We shall now endeavour to explain the nature of government, it’s different forms, what circumstances gave occasion for it, and by what it is maintained.

The forms of government however various may not improperly be reduced to these three, Monarchical, Aristocratical, and Democratical. These may be blended in a great number of ways, and we usually denominate the government from that one which prevails.

Monarchical government is where the supreme power and authority is vested in one, who can do what he pleases, make peace and war, impose taxes, and the like.

Aristocratical government is where a certain order of people in the state, either of the richest, or of certain families, have it in their power to choose magistrates, who are to have the management of the state.

Democratical government is where the management of affaires belongs to the whole body of the people together.

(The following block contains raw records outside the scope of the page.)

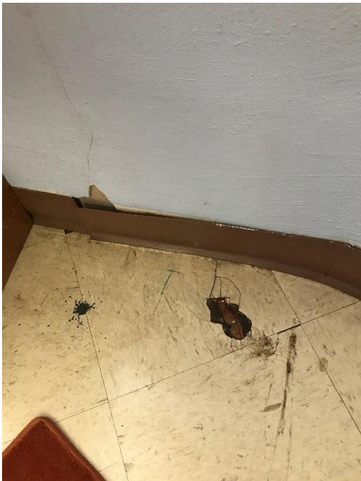
Cracked floor tile, loose baseboard, and exposed chipped drywall.
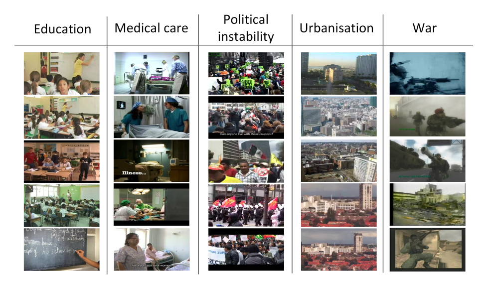
Fig. 3. Example results, for five MRSCs (shown on the top of the figure). The top-5 retrieved shots for each MRSC are shown.

As mentioned before, there is no MRSC-specific dataset to evaluate our approach's performance empirically. For this reason, we only presented results on the TRECVID SIN datasets. However, to further illustrate our approach's performance, we give some visual examples of the retrieved video shots when we use the MRSCs as input to our method. In Figure 3, the top-5 retrieved shots are presented for a subset of the available MRSCs. These selected MRSCs include representatives of multiple categories and both levels of the hierarchical classification (see highlighted concepts in Table 1). Although preliminary, results further point to the potential of our approach as a valid and effective solution in finding shots related to MRSCs.
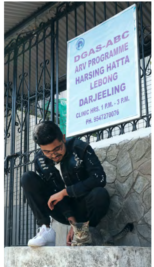
A young man meets a resident.

DGAS-ABC ARV PROGRAMME HARSING HATTA LEBONG DARJEELING CLINIC HRS. 1 P.M. - 3 P.M. PH. 9547270076
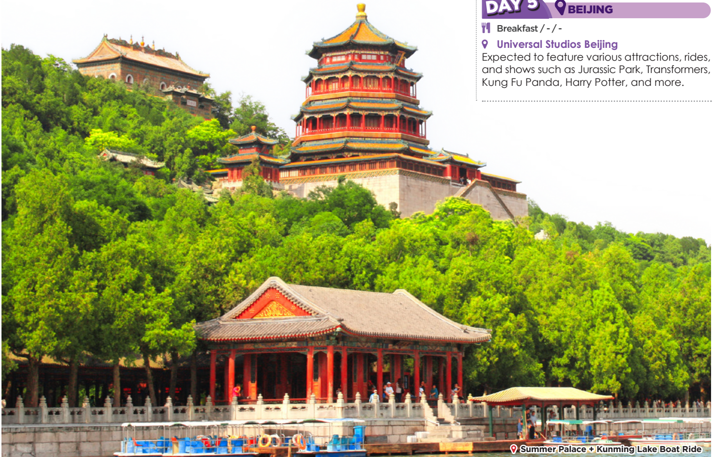
📍 Summer Palace + Kunming Lake Boat Ride

Expected to feature various attractions, rides, and shows such as Jurassic Park, Transformers, Kung Fu Panda, Harry Potter, and more.
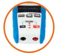
Rear entry of standard 4mm Test Lead Terminals
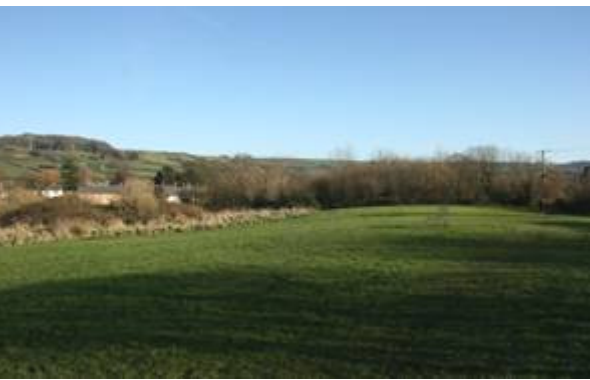
Figure 124: View of public open space along ridge to south of school, looking east.
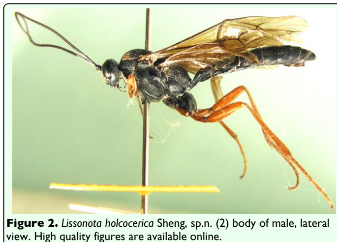
Figure 2. Lissonota holcocerica Sheng, sp.n. (2) body of male, lateral view. High quality figures are available online.
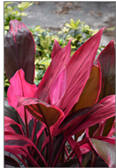
Red Sister Hawaiian Ti Plant foliage
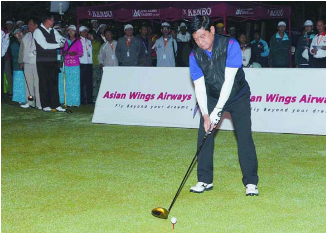
Vice-President U Nyan Tun takes part in 2 nd Union Government Cup Golf Tournament for 2014. (News on page 1) MNA
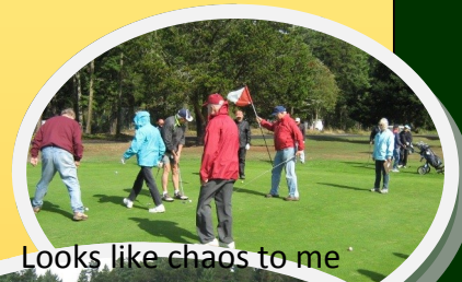
Looks like chaos to me
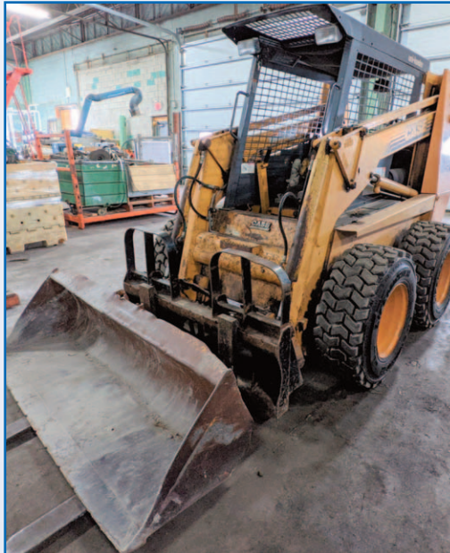
CASE 1845C SKID STEER
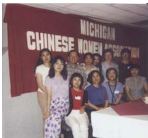
LHAs collaborate with Michigan Chinese Women Association
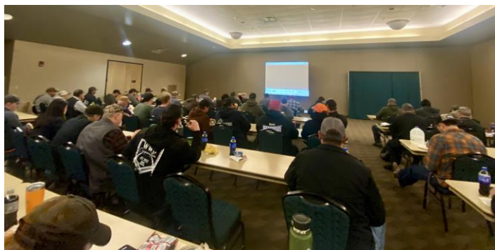
Roseburg class photos
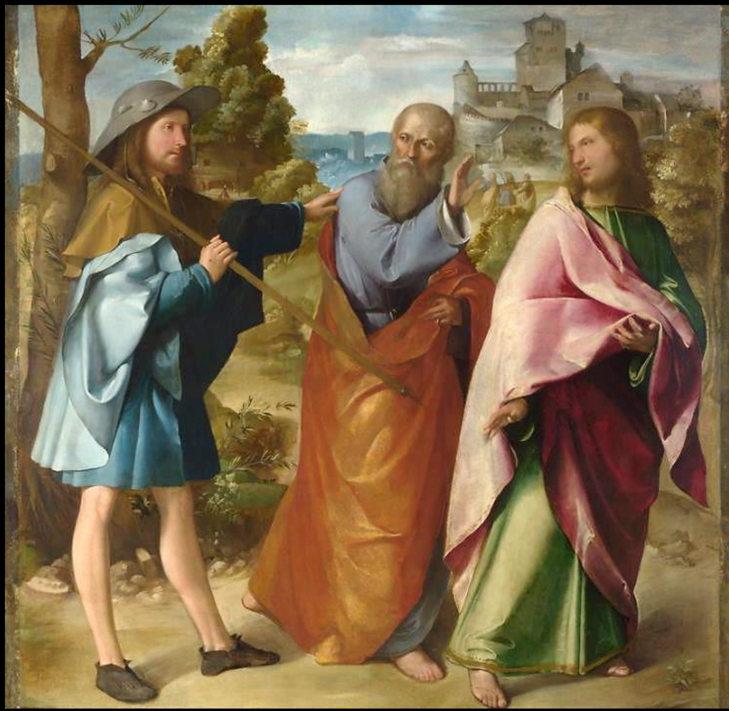
Road to Emmaus

Altobello Melone National Gallery London
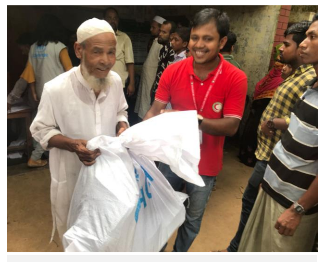
A staff from the Bangladesh Red Crescent Society (BDRCS), UNHCR's partner distributing family kits at a centre in Islampur Union in Cox's Bazar on 3 September.

| These two last forms may be called republican, and then the division of government is into monarchical and republican.

To acquire proper notions of government it is necessary to consider the first form of it, and observe how the other forms arose out of it.

In a nation of hunters there is properly no government at all. The society consists of a few independent families, who live in the same village and speak the same language, and have agreed among themselves to keep together for their mutual safety. But they have no authority one over another. The whole society interests itself in any offence. If possible they make it up between the parties, if not they banish from their society, kill, or deliver up to the resentment of the injured, him who has committed the crime. But this is no regular government. For tho’ there may be some among them who are much respected, and have great influence in their determinations, yet he never can do any thing without the consent of the whole.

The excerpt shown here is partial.